Does there appear to be a seasonal signal in the data?

You mostl likely noticed above, that there is a both a long-term trend and a seasonal oscillation in CO₂ concentrations. Since the x-axis spans many decades it is difficult to identify what these seasonal trends are (e.g. does CO₂ peak annually in summer? spring? fall? winter?).

To more easily visualize the seasonal patterns we can create a seasonal plot. In this graphic we will have month (e.g. Jan through Dec) on the x-axis and CO₂ concentration on the y-axis. Each year is plotted as its own line. We color code the lines by year to allow for them to be visually differentiated.

In the plot below we are just plotting years 2010 onwards.

mauna_loa %>% 
  filter(Year >= 2010) %>% 
  ggplot(aes(x = Month, y = CO2_ppm, group = Year, color = Year)) +
  geom_line(linewidth = 1) +
  scale_color_gradient(low = "blue", high = "red") +
  
  theme_classic() +
  labs(title = expression("Atmospheric CO"[2]),
       subtitle = "Measured at Mauna Loa, Hawaii",
       x = "Month",
       y = expression("CO"[2]* " (ppm)"),
       caption = "Data source: NOAA/ESRL") +
  scale_x_continuous(breaks = seq(1:12))

You can see how much easier it is to identify the seasonal trends in this graphic as opposed to the standard time-series plot.
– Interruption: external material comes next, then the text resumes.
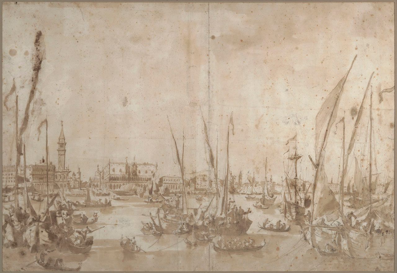 Pen and dark brown ink, brush and brown washes over black chalk on cream laid paper

You can also identify longer-term trends in the data.

Based on the graphic above:

Describe the seasonal patterns in CO₂ concentrations. Any ideas what might be responsible for these patterns? Discuss with you neighbors.
Do you seen any long-term trends in the data?

Now remake the above graphic, but this time include all of the years post 1958.

What do you observe?

Exercises

Create a monthly mean flow raster plot of the streamflow data in the flow data frame (similar to the graphic you made for precipitation)
Create a seasonal plot for the monthly mean flow using the flow data. Try making the graphic with all of the years. Also try making the graphic with just a subset of years.